Short, punchy time domain with heavy barbell and odd-object pieces drives heart rate while taxing grip and posterior chain. The two fast rounds demand double-under proficiency and quick transitions, then the deadlifts and sandbag cleans hit strength-endurance hard. Despite a 1-minute rest, density stays high. Overall, the mix of load, skill, and speed places this squarely in Hard.

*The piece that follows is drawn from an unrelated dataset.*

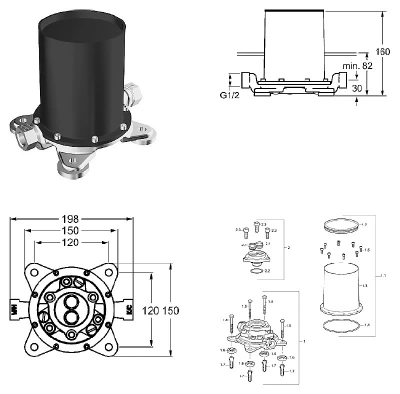 Hansa Hansavario Einbaukörper für Wannenbatterien, bodenstehend

This workout develops the following fitness attributes:
Scale to: 135/95 lb C&J, 172 m row, 60 DU or 120 SU • 35/20 lb Devil Press, 185/125 lb Deadlift, 100/70 lb Sandbag Clean • Substitute 10 Power Clean (135/95) for sandbag if unavailable
These options preserve the workout’s speed and pull-heavy stimulus while matching skill and strength so you can keep moving with minimal long breaks.
Fast and intense. Attack the first two rounds with quick, clean singles on the bar, controlled row sprints, and steady double-unders. Use the 1-minute rest to reset breathing, then push strong sets on deadlifts and committed singles on sandbag cleans. Finish right at the edge of redline without long breaks.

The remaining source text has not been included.